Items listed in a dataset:
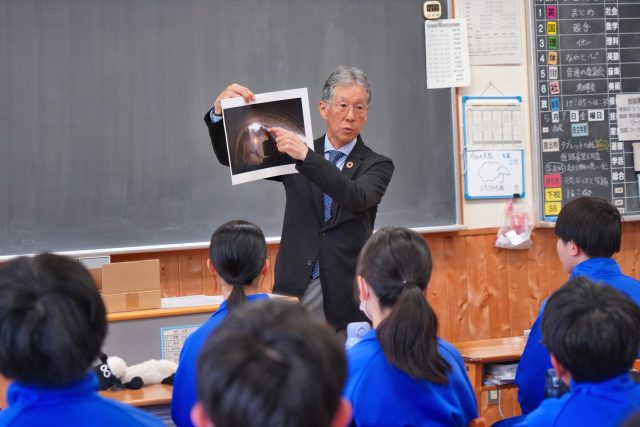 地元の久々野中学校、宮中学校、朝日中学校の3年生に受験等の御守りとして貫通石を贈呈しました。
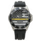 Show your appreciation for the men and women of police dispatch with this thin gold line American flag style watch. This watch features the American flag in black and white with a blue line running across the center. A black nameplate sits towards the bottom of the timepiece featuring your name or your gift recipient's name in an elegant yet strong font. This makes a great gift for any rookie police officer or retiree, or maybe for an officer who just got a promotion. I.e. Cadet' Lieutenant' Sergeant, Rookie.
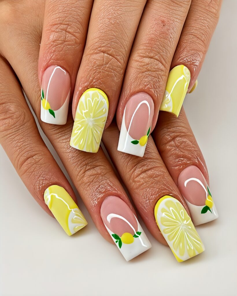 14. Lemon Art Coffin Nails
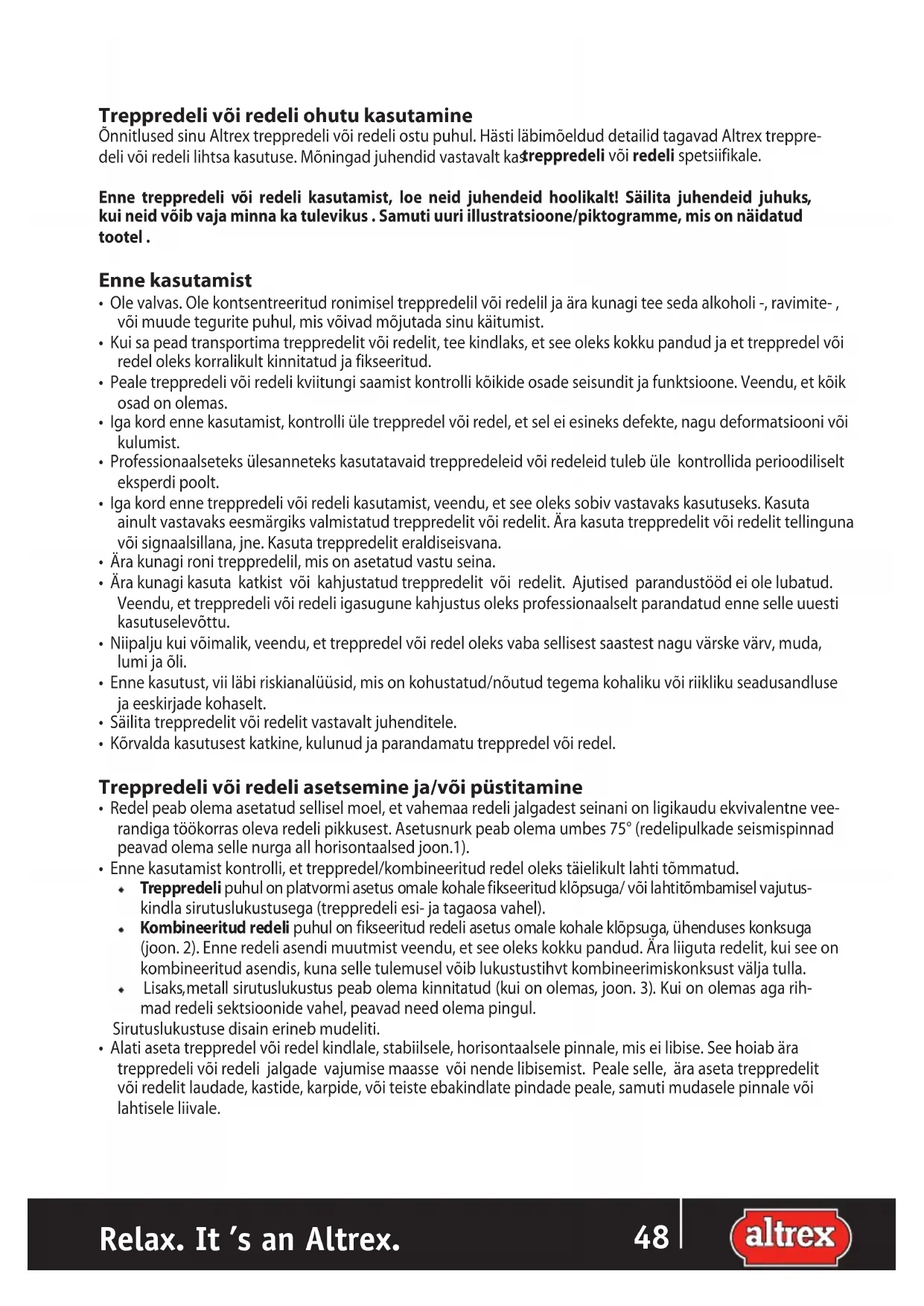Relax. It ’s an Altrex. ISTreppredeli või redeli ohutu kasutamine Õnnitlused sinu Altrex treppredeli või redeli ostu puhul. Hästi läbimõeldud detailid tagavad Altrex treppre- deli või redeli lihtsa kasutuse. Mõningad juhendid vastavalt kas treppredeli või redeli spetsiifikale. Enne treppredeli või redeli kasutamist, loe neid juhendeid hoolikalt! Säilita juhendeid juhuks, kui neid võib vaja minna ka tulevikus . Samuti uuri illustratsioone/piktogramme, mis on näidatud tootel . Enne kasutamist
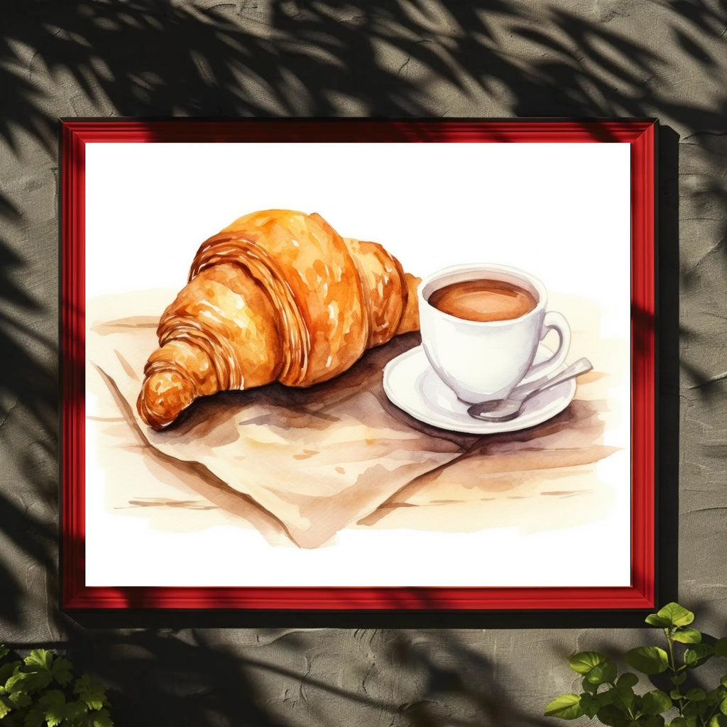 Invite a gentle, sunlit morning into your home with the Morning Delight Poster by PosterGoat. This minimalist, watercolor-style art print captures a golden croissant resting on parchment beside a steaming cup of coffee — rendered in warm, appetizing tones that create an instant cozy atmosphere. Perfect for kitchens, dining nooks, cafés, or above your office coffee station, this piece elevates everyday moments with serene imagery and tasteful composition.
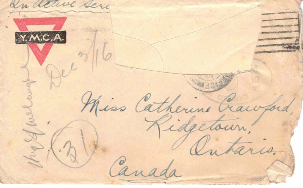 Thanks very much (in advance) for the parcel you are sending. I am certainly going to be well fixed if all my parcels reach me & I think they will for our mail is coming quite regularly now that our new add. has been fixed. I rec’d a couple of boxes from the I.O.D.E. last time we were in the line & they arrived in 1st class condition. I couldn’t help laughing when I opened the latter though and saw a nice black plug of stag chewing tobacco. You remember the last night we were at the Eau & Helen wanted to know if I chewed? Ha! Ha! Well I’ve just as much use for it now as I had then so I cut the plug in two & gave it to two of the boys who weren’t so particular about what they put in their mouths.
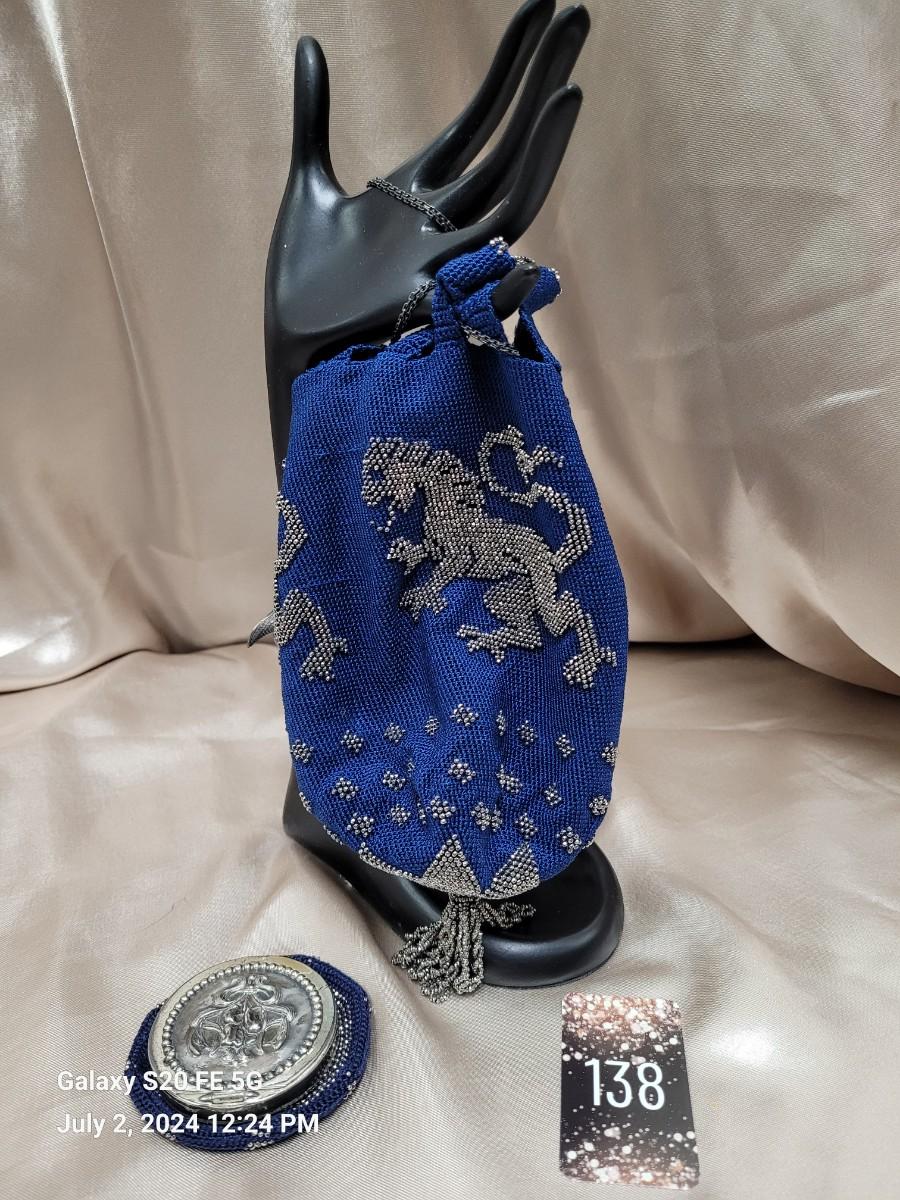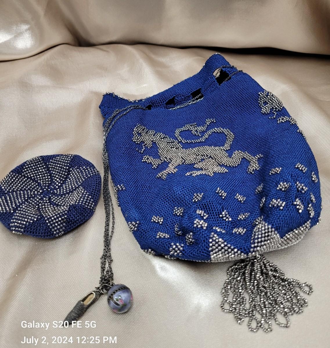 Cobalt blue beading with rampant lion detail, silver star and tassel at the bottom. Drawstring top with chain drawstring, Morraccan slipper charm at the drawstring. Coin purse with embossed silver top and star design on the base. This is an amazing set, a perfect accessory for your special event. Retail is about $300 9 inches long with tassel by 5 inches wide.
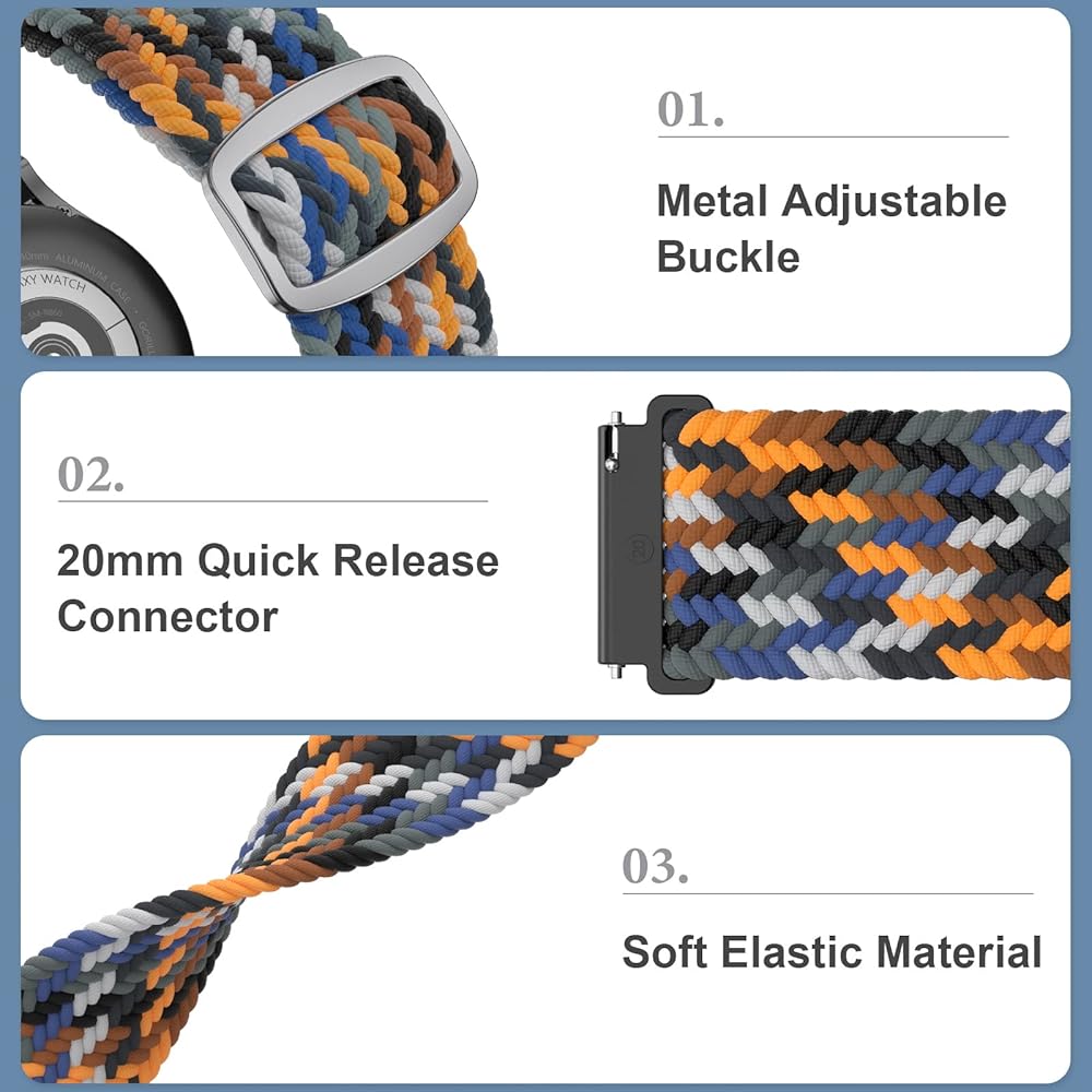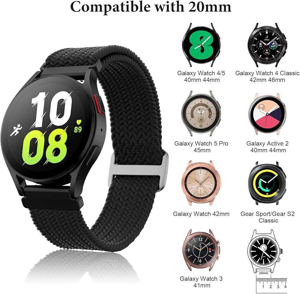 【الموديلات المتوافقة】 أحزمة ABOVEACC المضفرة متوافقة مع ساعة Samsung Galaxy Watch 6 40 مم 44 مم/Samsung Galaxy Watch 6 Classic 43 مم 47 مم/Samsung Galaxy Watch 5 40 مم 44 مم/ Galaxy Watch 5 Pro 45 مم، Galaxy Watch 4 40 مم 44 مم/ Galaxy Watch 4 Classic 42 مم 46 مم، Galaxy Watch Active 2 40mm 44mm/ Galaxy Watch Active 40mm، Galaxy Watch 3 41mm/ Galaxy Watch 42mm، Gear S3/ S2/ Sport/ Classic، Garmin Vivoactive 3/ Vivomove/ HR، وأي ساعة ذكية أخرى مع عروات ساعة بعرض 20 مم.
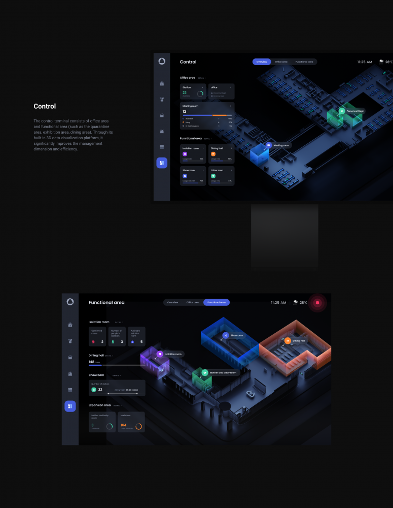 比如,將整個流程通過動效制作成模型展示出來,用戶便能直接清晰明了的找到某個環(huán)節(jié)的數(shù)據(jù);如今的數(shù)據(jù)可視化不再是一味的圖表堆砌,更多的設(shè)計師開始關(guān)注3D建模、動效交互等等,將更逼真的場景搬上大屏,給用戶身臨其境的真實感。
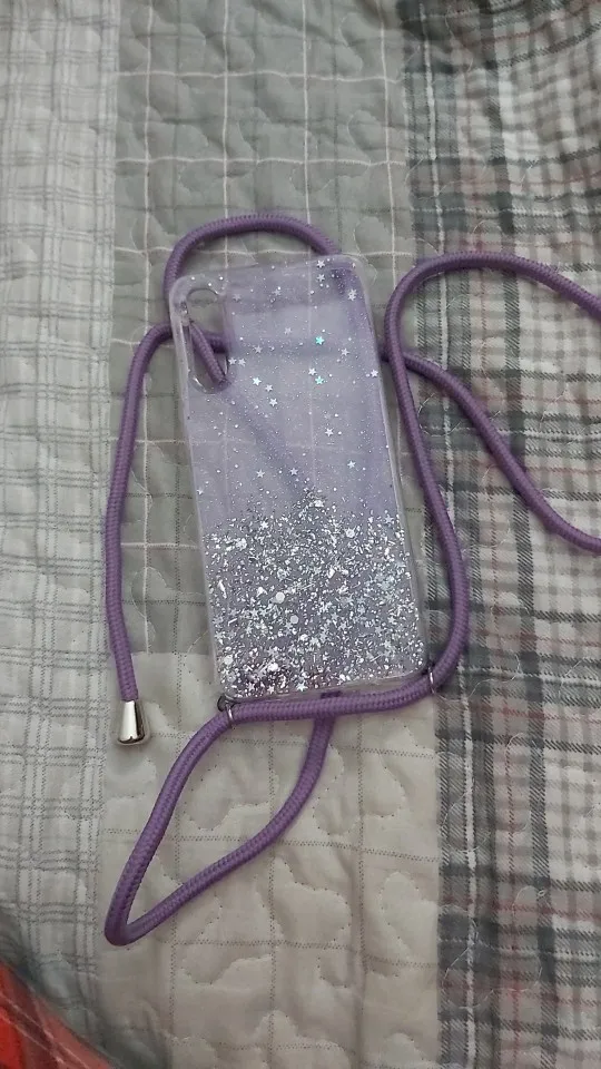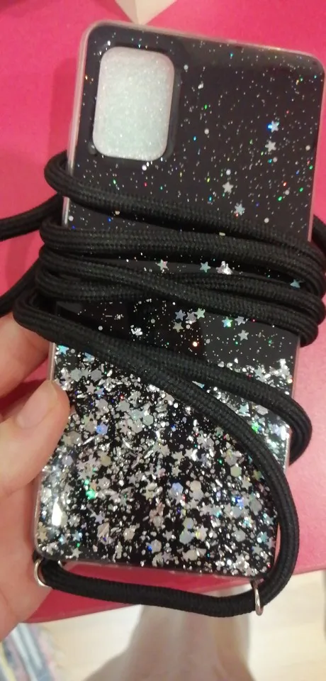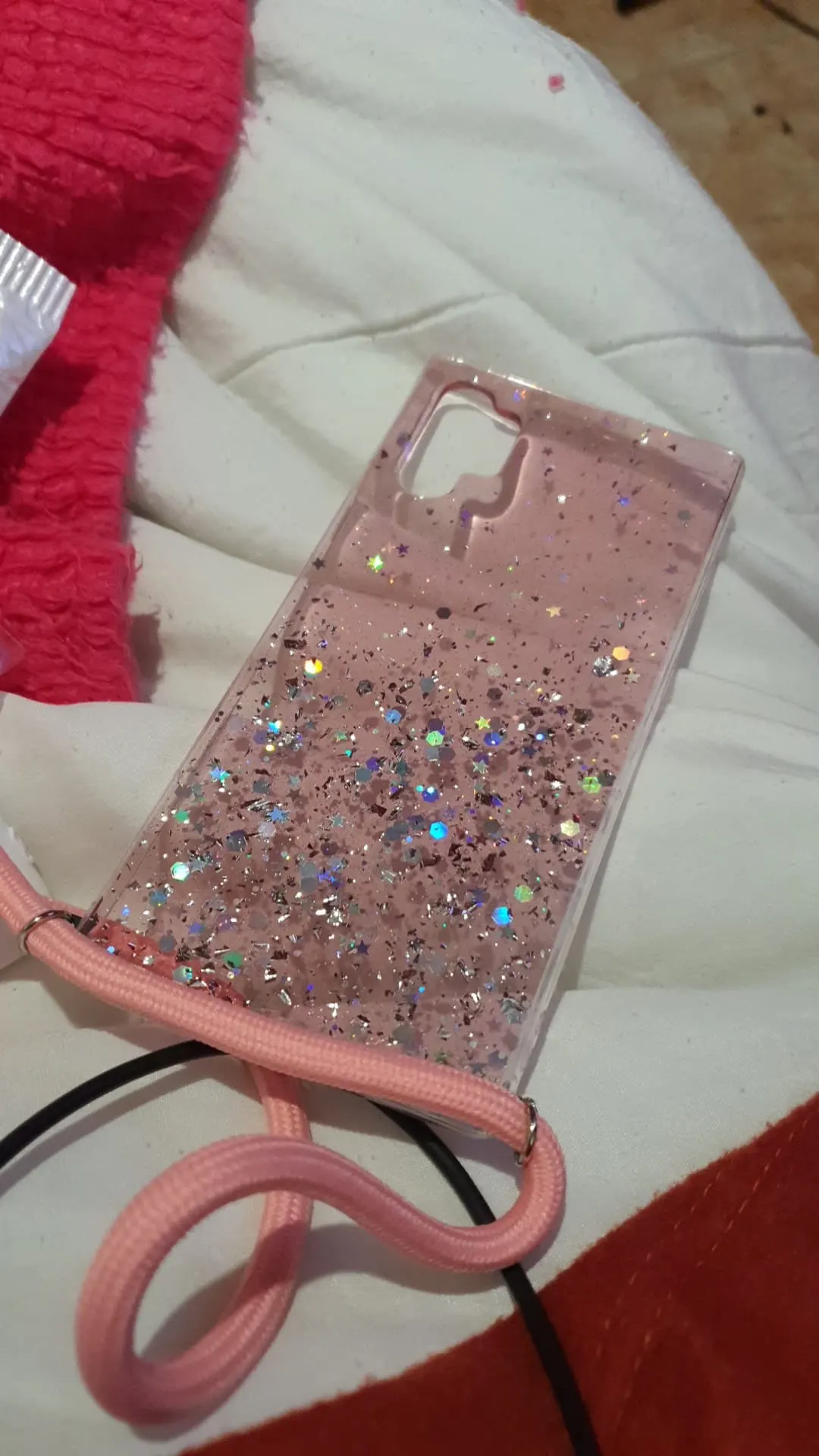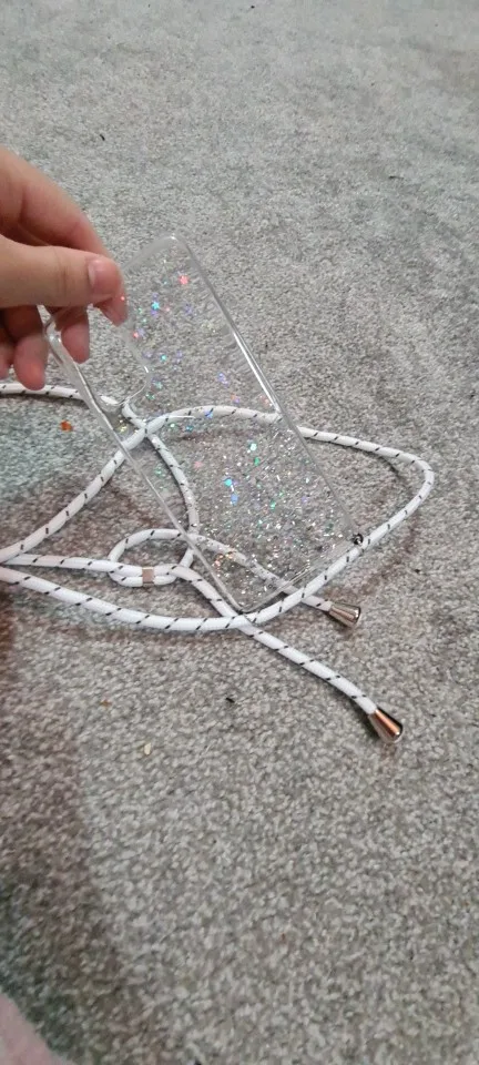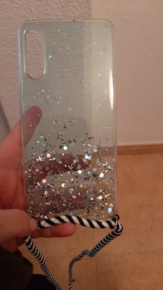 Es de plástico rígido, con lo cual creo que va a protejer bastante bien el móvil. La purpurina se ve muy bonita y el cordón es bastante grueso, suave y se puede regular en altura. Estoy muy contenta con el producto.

### THE TASK
Would you provide an exact, picture-free copy of the data above?

### SOLVED EXERCISE
 地元の久々野中学校、宮中学校、朝日中学校の3年生に受験等の御守りとして貫通石を贈呈しました。
 Show your appreciation for the men and women of police dispatch with this thin gold line American flag style watch. This watch features the American flag in black and white with a blue line running across the center. A black nameplate sits towards the bottom of the timepiece featuring your name or your gift recipient's name in an elegant yet strong font. This makes a great gift for any rookie police officer or retiree, or maybe for an officer who just got a promotion. I.e. Cadet' Lieutenant' Sergeant, Rookie.
 14. Lemon Art Coffin Nails
Relax. It ’s an Altrex. ISTreppredeli või redeli ohutu kasutamine Õnnitlused sinu Altrex treppredeli või redeli ostu puhul. Hästi läbimõeldud detailid tagavad Altrex treppre- deli või redeli lihtsa kasutuse. Mõningad juhendid vastavalt kas treppredeli või redeli spetsiifikale. Enne treppredeli või redeli kasutamist, loe neid juhendeid hoolikalt! Säilita juhendeid juhuks, kui neid võib vaja minna ka tulevikus . Samuti uuri illustratsioone/piktogramme, mis on näidatud tootel . Enne kasutamist
 Invite a gentle, sunlit morning into your home with the Morning Delight Poster by PosterGoat. This minimalist, watercolor-style art print captures a golden croissant resting on parchment beside a steaming cup of coffee — rendered in warm, appetizing tones that create an instant cozy atmosphere. Perfect for kitchens, dining nooks, cafés, or above your office coffee station, this piece elevates everyday moments with serene imagery and tasteful composition.
 Thanks very much (in advance) for the parcel you are sending. I am certainly going to be well fixed if all my parcels reach me & I think they will for our mail is coming quite regularly now that our new add. has been fixed. I rec’d a couple of boxes from the I.O.D.E. last time we were in the line & they arrived in 1st class condition. I couldn’t help laughing when I opened the latter though and saw a nice black plug of stag chewing tobacco. You remember the last night we were at the Eau & Helen wanted to know if I chewed? Ha! Ha! Well I’ve just as much use for it now as I had then so I cut the plug in two & gave it to two of the boys who weren’t so particular about what they put in their mouths.
 Cobalt blue beading with rampant lion detail, silver star and tassel at the bottom. Drawstring top with chain drawstring, Morraccan slipper charm at the drawstring. Coin purse with embossed silver top and star design on the base. This is an amazing set, a perfect accessory for your special event. Retail is about $300 9 inches long with tassel by 5 inches wide.
 【الموديلات المتوافقة】 أحزمة ABOVEACC المضفرة متوافقة مع ساعة Samsung Galaxy Watch 6 40 مم 44 مم/Samsung Galaxy Watch 6 Classic 43 مم 47 مم/Samsung Galaxy Watch 5 40 مم 44 مم/ Galaxy Watch 5 Pro 45 مم، Galaxy Watch 4 40 مم 44 مم/ Galaxy Watch 4 Classic 42 مم 46 مم، Galaxy Watch Active 2 40mm 44mm/ Galaxy Watch Active 40mm، Galaxy Watch 3 41mm/ Galaxy Watch 42mm، Gear S3/ S2/ Sport/ Classic، Garmin Vivoactive 3/ Vivomove/ HR، وأي ساعة ذكية أخرى مع عروات ساعة بعرض 20 مم.
 比如,將整個流程通過動效制作成模型展示出來,用戶便能直接清晰明了的找到某個環(huán)節(jié)的數(shù)據(jù);如今的數(shù)據(jù)可視化不再是一味的圖表堆砌,更多的設(shè)計師開始關(guān)注3D建模、動效交互等等,將更逼真的場景搬上大屏,給用戶身臨其境的真實感。
 Es de plástico rígido, con lo cual creo que va a protejer bastante bien el móvil. La purpurina se ve muy bonita y el cordón es bastante grueso, suave y se puede regular en altura. Estoy muy contenta con el producto.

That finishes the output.